Al bajar de Valvanera, y a la subida, veo, por las vegas del Najerilla, un verdadero enjambre de chopos. Paso por Nájera. Más tarde, hacia las diez, desayuno por segunda vez en Logroño. Después, en Calahorra, examino la catedral. Sigo: Alfaro, Tudela y Zaragoza. Aquí hago una visita de urgencia al Pilar. El sol, claro, aragonés, lo baña todo. Pero he de ir a comer a Cariñena y me voy. Pocos kilómetros antes de llegar a esta villa empiezo a asombrarme. El campo de Cariñena es extraordinario, de maravilla. Poco más o menos. Cariñena, pueblo, es una isla rodeada de cepas por todas partes. Es domingo y está casi todo cerrado. Como, muy bien, y consigo un ramillete de botellas de vino de distintas clases. Un tesoro.

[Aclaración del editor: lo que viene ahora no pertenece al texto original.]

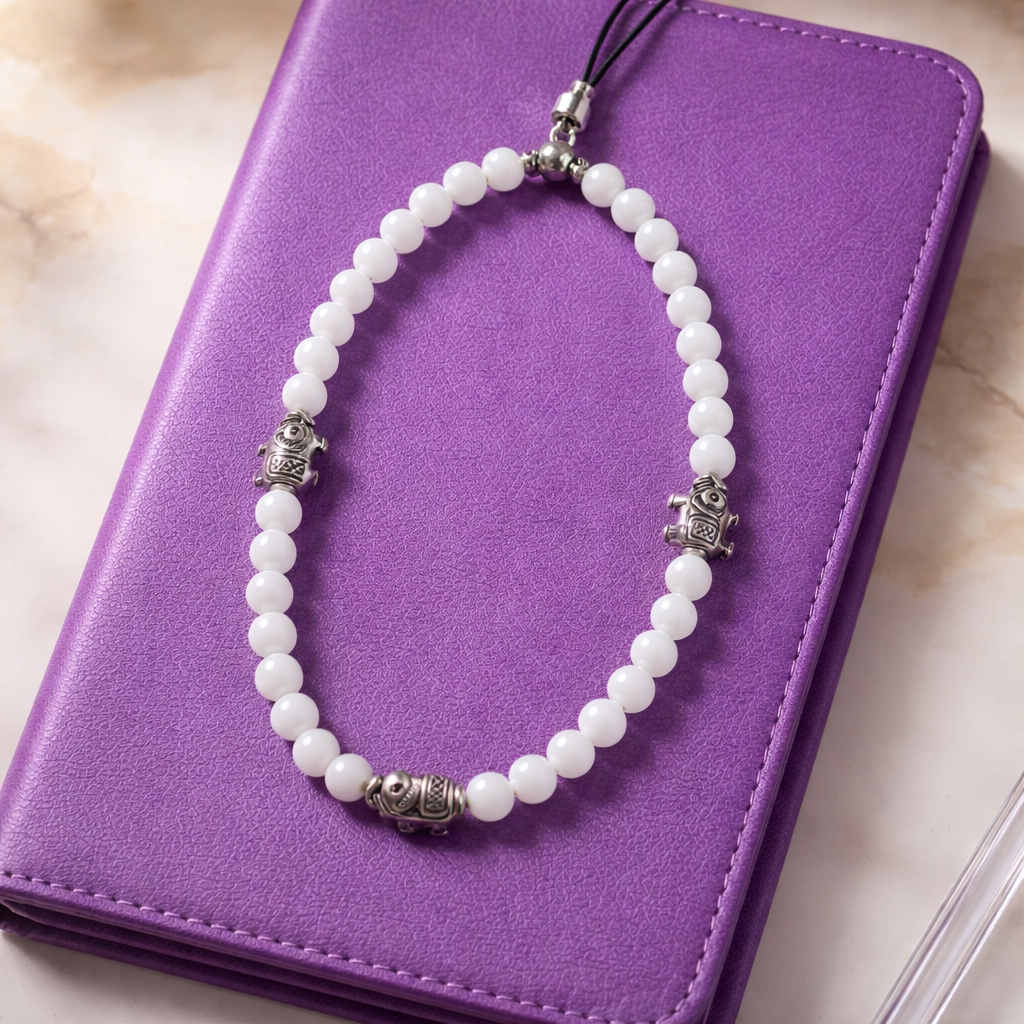 Bijoux téléphone en pierre de nacre 6 mm et des petits éléphants 🐘

En la estación de servicio le doy al coche lo que pide con una luz roja, de aviso. Prosigo en mi ruta. Algún tiempo después vislumbro en la lejanía un pueblo. ¡Hombre! Es Fuendetodos. Aquí nació Goya. Saco la foto de reglamento y hago media hora de tertulia con un aragonés de solera. Se llama Roque Gascón y, por lo que me dijo, ya es abuelo. Es un pastor puro que tiene su rebaño de ovejas y su perro. Desde la paridera hasta el pueblo tarda en llegar “una horica”.

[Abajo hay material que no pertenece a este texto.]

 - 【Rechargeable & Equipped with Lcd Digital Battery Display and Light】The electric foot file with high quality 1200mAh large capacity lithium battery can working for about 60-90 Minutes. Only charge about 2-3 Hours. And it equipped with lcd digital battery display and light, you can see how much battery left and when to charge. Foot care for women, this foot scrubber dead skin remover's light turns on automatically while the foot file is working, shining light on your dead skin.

Hay que andar. No tardo en llegar a otro pueblo, Belchite. La torre de la iglesia tiene muchos agujeros. Parece hecha de encaje. Me doy cuenta. El encaje ese es un recuerdo vivo de la guerra, en la que yo he sido también, pero en otro sitio, actor.

Híjar primero y, luego, Alcañiz. Un poco antes de llegar a esta villa, a la izquierda, veo algo que me llama la atención. ¡Qué cosas! Es un monumento al tambor. Más allá de Alcañiz, la carretera, el paisaje, se hacen muy amenos. Viñedos y olivares dominan la situación. Las cuestas y las curvas multiplican los ángulos de visión del “caminante”.

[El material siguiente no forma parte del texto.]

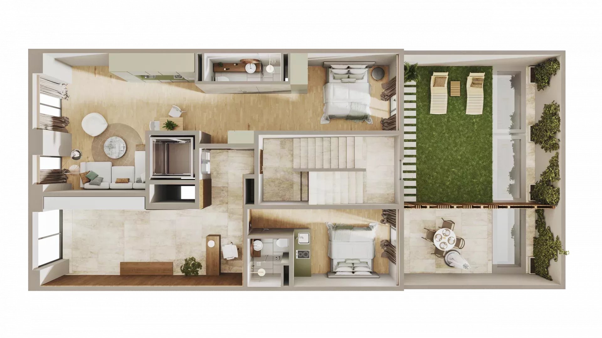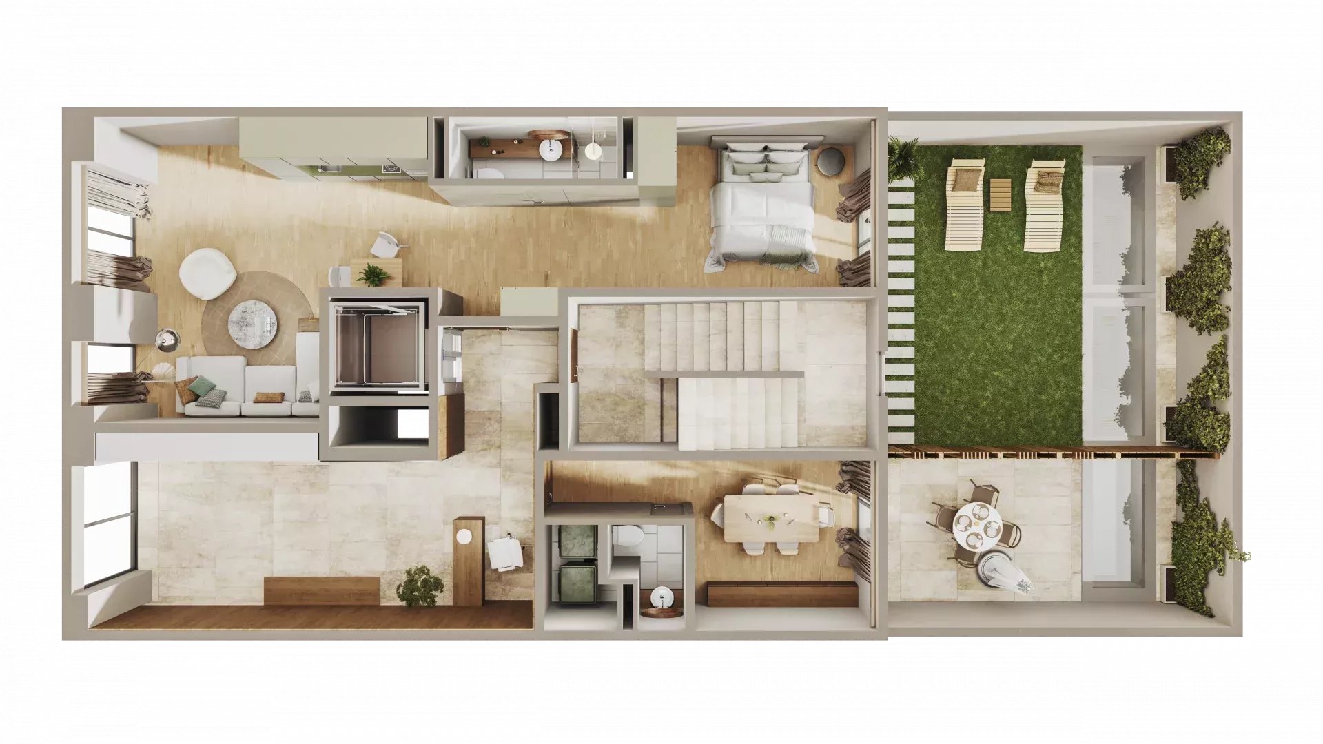 In addition, the crown jewel of the building: a spacious duplex penthouse of 175 m² with terrace and private pool, available for €1,898,810.

Serían las siete de la tarde cuando me detengo unos minutos en Gandesa y leo, al parar, en un edificio que está en frente, lo siguiente: Cooperativa vinícola… Es casualidad. En Mora de Ebro paso por un puente sobre el ídem. Y, entre luces, llego a Falset, centro vinícola del Priorato. Aquí, en un hotel honesto y limpio, duermo. Poco antes de salir el sol ya estoy en la calle. Doy un paseo por la plaza y las calles principales y, a pesar de la hora, me oriento bastante bien y pienso que debo ir a Gratallops y Vilella Baja, con vinos notables. Pertenecen al antiguo priorato de Scala Dei. La carretera para ir a esos pueblos es buena, pero muy estrecha y curvilínea. Llego a Gratallops, en un alto, e inicio una bajada para llegar a Vilella. En un viñedo, al borde de la carretera, un hombre con una mula hace labor de arada. Hago un alto, durante una hora, y hablamos de cepas y viñedos. Muy amable. Me oriento sobre lo que debo hacer en Vilella para visitar la cooperativa y conseguir vino. Todo me sale bien. En el pueblo encuentro a don Federico Mestre, secretario de la entidad vinícola. Durante casi dos horas hablamos largo y tendido de lo que procedía. Llevo como recuerdo una garrafa de cuatro litros y varias botellas de tinto. Y una, por concesión especial, de vino rancio. ¿Ambrosía? Vuelvo a Falset y me dicen que en aquellos contornos hay vinos estupendos. Cada pueblo tiene los suyos. Flix, Ribarroja, Marsá… Por la muestra que llevo no lo dudo. ¡Vaya vino! Hago la comida del mediodía y me pongo en ruta. Paso por Reus, por el centro, y veo en bronce y en broncínea cabalgadura al general Prim, el amigo o así de Amadeo de Saboya.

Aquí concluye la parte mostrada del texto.